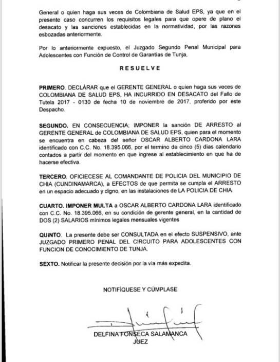 Al declarase el desacato, una juez impuso la sanción de arresto al gerente general de Colombiana de Salud EPS, Óscar Alberto Cardona Lara, por un término de cinco días calendario contados a partir del momento en que ingrese al establecimiento en que haya de hacerse efectiva la sanción.,
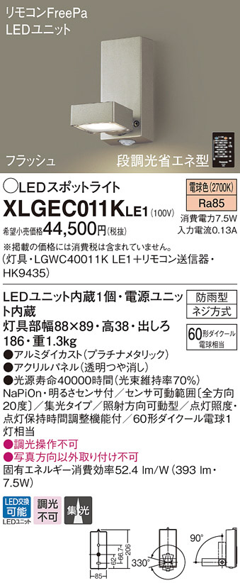 Panasonic LED ¥¨¥¯¥¹¥Æ¥ê¥¢¡¦¥¢¥¦¥È¥É¥¢ XLGEC011KLE1
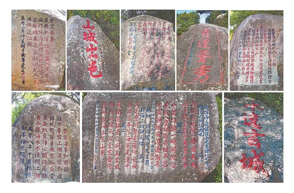 据统计,明代嘉靖、隆庆、万历年间,张元勋、于嵩、刘大勋、蔡潮等驻守海防要塞的武将、文士,纷纷在山间崖石壁上刻诗题词,或吟咏悬钟城的险要和海面的景象,或歌颂平倭寇的快意和功绩,楷、草、行、隶、篆诸体俱全,一共36方。
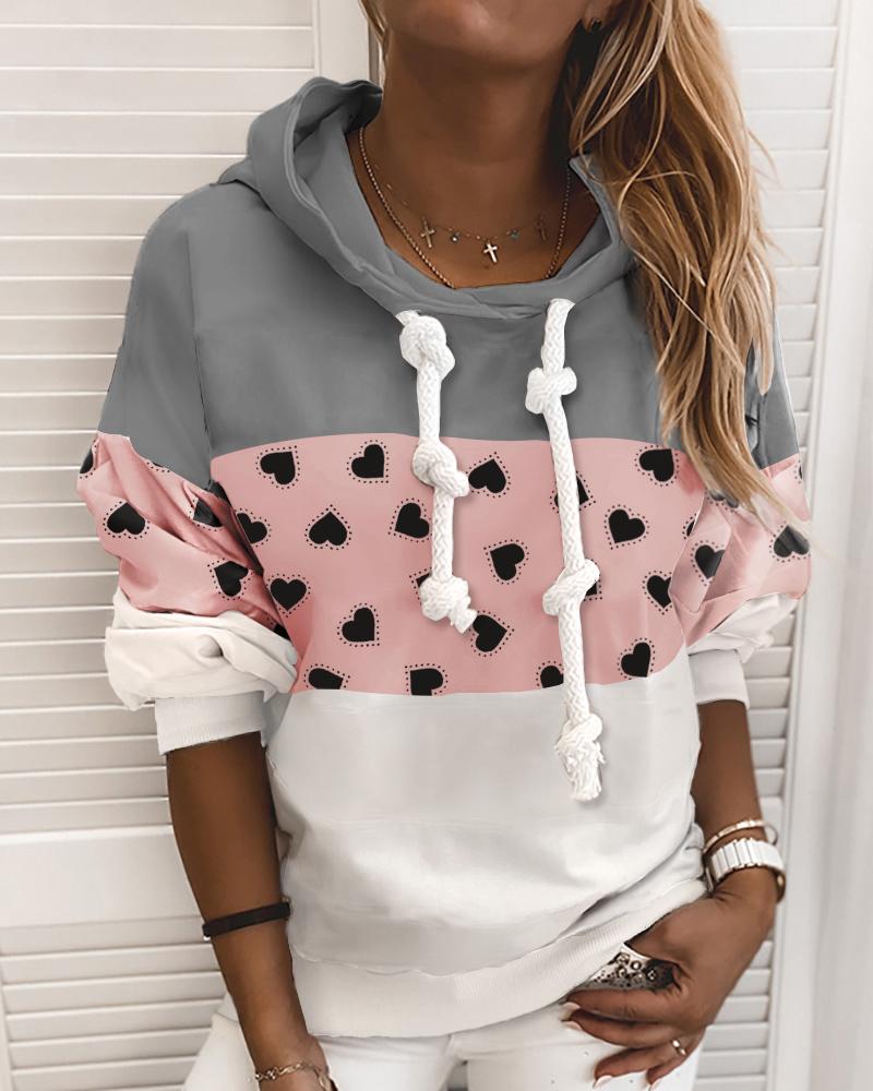 Heart Print Colorblock Hooded Casual Sweatshirt, Pink
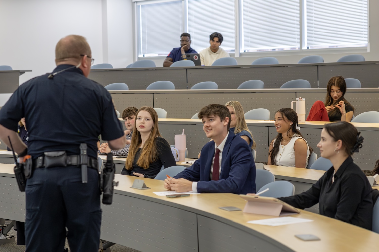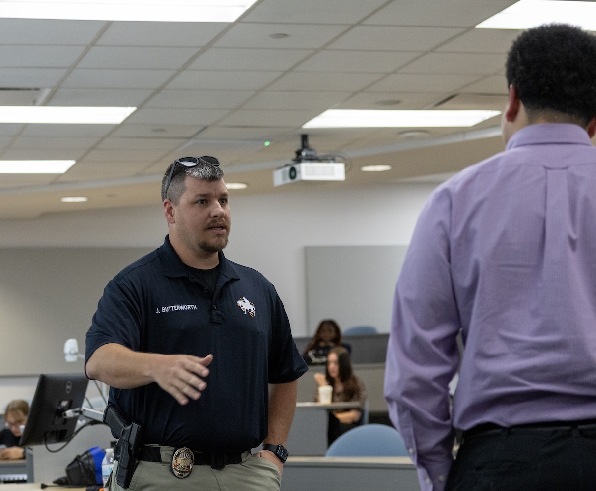For our second meeting of the semester, Pre-Law Society had the pleasure of hearing from Sam Houston State University’s Police Department. Rather than the traditional typical guest speaker, lecture-style, format, we engaged in some fun activities that are both relevant to the legal field, but also college students, especially when it comes to alcohol, substances, and decision-making. Olivia Discon briefly introduced Sergeant Butterworth (“Butters”) and Lieutenant Zella, and Professor Mike Yawn.
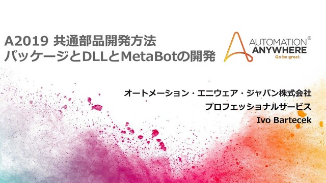 A2019 共通部品開発方法 パッケージとDLLとMetaBotの開発 プロフェッショナルサービス Ivo Bartecek オートメーション・エニウェア・ジャパン株式会社
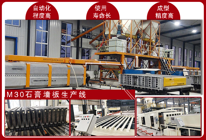 M30石膏墻板生產(chǎn)線是瑪納公司在最新研制機(jī)動(dòng)成組立模墻板成型工藝的基礎(chǔ)上,引進(jìn)國外先進(jìn)石膏墻板生產(chǎn)工藝,經(jīng)過技術(shù)創(chuàng)新,研制出的新型石膏墻板生產(chǎn)線,具有如下特性:
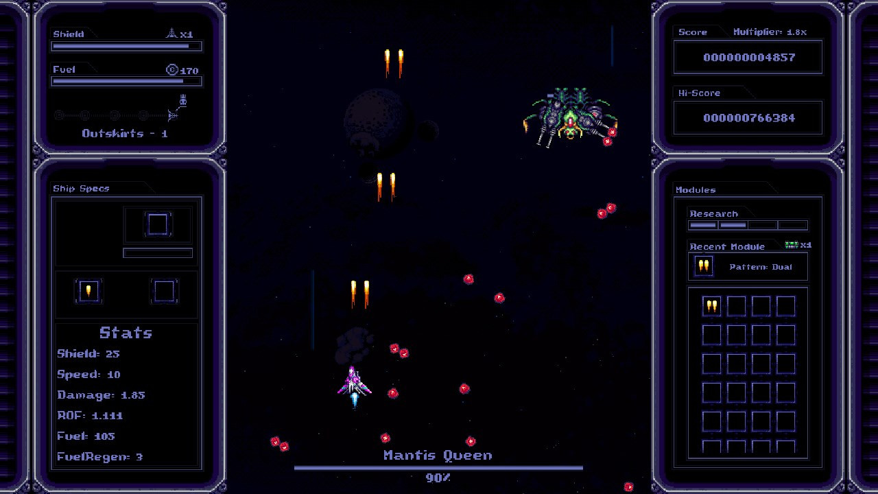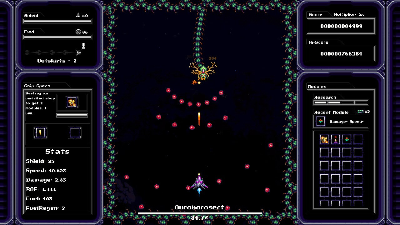 Projectile Modifiers or Drone Companions. Most of the Upgrade modules will combine with eachother to create unique combos. There are a ton of combo possibilities so don't be afraid to experiment!Research SystemThe Research System will allow you to further power up your ship before each playthrough. Research points are obtained through picking up Modules of any kind and may be spent on any of the 3 available Research Trees: Offense, Defense and Utility.Seed SystemEach playthrough will have a unique string identifier that determines the generated content. Share this seed with your friends so they can experience the same crazy combos and hardships that you did!
□ □ □ □ □ □ □
• _What you should do_
Retype the entire listing exactly as it appears, dropping only the pictures.

• _Exercise solution_
 Al declarase el desacato, una juez impuso la sanción de arresto al gerente general de Colombiana de Salud EPS, Óscar Alberto Cardona Lara, por un término de cinco días calendario contados a partir del momento en que ingrese al establecimiento en que haya de hacerse efectiva la sanción.,
 Panasonic LED ¥¨¥¯¥¹¥Æ¥ê¥¢¡¦¥¢¥¦¥È¥É¥¢ XLGEC011KLE1
 据统计,明代嘉靖、隆庆、万历年间,张元勋、于嵩、刘大勋、蔡潮等驻守海防要塞的武将、文士,纷纷在山间崖石壁上刻诗题词,或吟咏悬钟城的险要和海面的景象,或歌颂平倭寇的快意和功绩,楷、草、行、隶、篆诸体俱全,一共36方。
 Heart Print Colorblock Hooded Casual Sweatshirt, Pink
For our second meeting of the semester, Pre-Law Society had the pleasure of hearing from Sam Houston State University’s Police Department. Rather than the traditional typical guest speaker, lecture-style, format, we engaged in some fun activities that are both relevant to the legal field, but also college students, especially when it comes to alcohol, substances, and decision-making. Olivia Discon briefly introduced Sergeant Butterworth (“Butters”) and Lieutenant Zella, and Professor Mike Yawn.
 A2019 共通部品開発方法 パッケージとDLLとMetaBotの開発 プロフェッショナルサービス Ivo Bartecek オートメーション・エニウェア・ジャパン株式会社
 M30石膏墻板生產(chǎn)線是瑪納公司在最新研制機(jī)動(dòng)成組立模墻板成型工藝的基礎(chǔ)上,引進(jìn)國外先進(jìn)石膏墻板生產(chǎn)工藝,經(jīng)過技術(shù)創(chuàng)新,研制出的新型石膏墻板生產(chǎn)線,具有如下特性:
 Projectile Modifiers or Drone Companions. Most of the Upgrade modules will combine with eachother to create unique combos. There are a ton of combo possibilities so don't be afraid to experiment!Research SystemThe Research System will allow you to further power up your ship before each playthrough. Research points are obtained through picking up Modules of any kind and may be spent on any of the 3 available Research Trees: Offense, Defense and Utility.Seed SystemEach playthrough will have a unique string identifier that determines the generated content. Share this seed with your friends so they can experience the same crazy combos and hardships that you did!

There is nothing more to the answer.